Splunk Search

How can I reset the "search timeframe" based on data in results?

vbumgarner
Contributor

Is there any way to "reset" the "search timeframe" so that all the "commands that bin" will honor a new "search timeframe" instead of the timeframe used in the original query?

Background:
I have some data where _time doesn't mean anything useful, and I reset _time in the query itself. timechart/bin/sparkline seem to doggedly pay attention to the timeframe from the original query. Is there any way in the query to "reset" what "earliest" and "latest" are, using eventstats or similar, so that downstream commands use the calculated timeframe?

0 Karma

gergelybata
Explorer

Can you identify the "interesting" earliest/latest time and pass them as variable using the | map command?
Or if you only need a custom length sparkline with a special start/end condition (e.g. value larger than 100), you can edit the sparkline field using mv.... commands. E.g. Leaving only 10 tailing zeros at the end of the sparkline (fieldname=spcount and sorry about the regexp):

| nomv spcount | eval spcount =replace(spcount,"(##__SPARKLINE__##,[0-9,]+[1-9]{1},)\S+(0,0,0,0,0,0,0,0,0,0)$|(##__SPARKLINE__##,[0-9,]+)","\1\2\3") |  makemv delim="," setsv=true spcount
0 Karma

vbumgarner
Contributor

Interesting. If I handed it to map, I'm afraid I'd be pinned to the limits of a subsearch, but it's an interesting idea.

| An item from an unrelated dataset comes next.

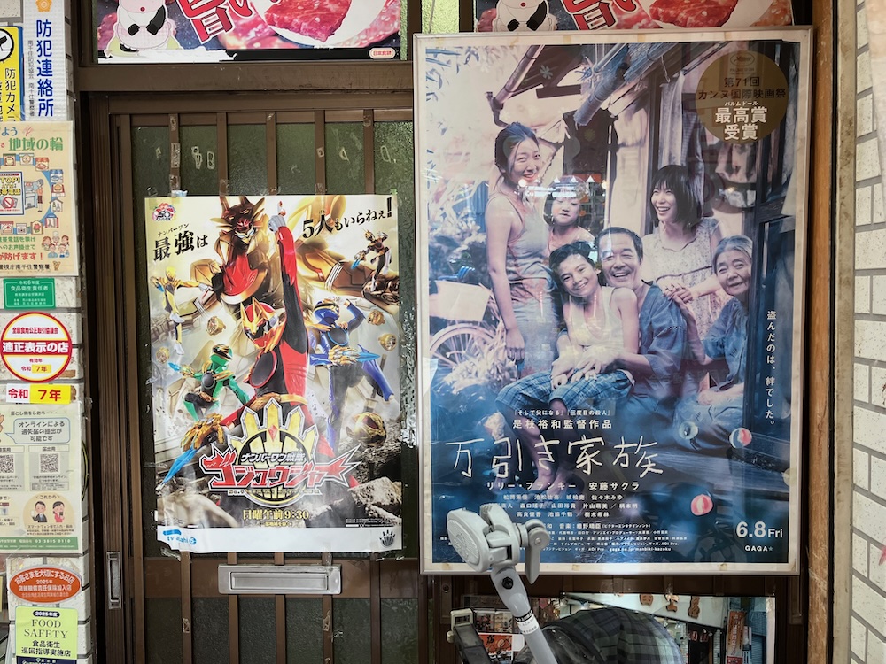「万引き家族」と「ゴジュウジャー」のポスターが貼られてますね。

I ended up doing something much like your example, but it's a pain, and certainly not easy to explain to anyone else.

What you absolutely can't do is something like this:

search ... | eval _time=fieldX | timechart fixedrange=false bins=100 count by fieldY 

I believe it bins everything at some range relevant to the original query, which in my case ends up being a bin size of a second. So, you end up with thousands of bins.

I think I'd be set if I could do something like...

search ... | eval _time=fieldX | eventstats min(_time) as _search_earliest max(_time) as _search_latest | timechart fixedrange=100 bins=20 count by fieldY
0 Karma

niketn
Legend

If your sparkline are not dependent on timeseries data, you can use Pie sparkline instead (or bullet or box-plot).

Refer to my answers for other options available with sparklines: https://answers.splunk.com/answers/474127/pie-chart-sparkline-to-see-filling-ratio-of-splunk.html

PS: As informed, officially supported sparkline visualizations are only line, bar and area, but other sparklines from http://omnipotent.net/jquery.sparkline/#s-about, seem to work as well.

____________________________________________
| makeresults | eval message= "Happy Splunking!!!"
0 Karma

vbumgarner
Contributor

I am dependent on time data, but the time data isn't in the timeframe of the original query. The timeframe of the original query isn't relevant.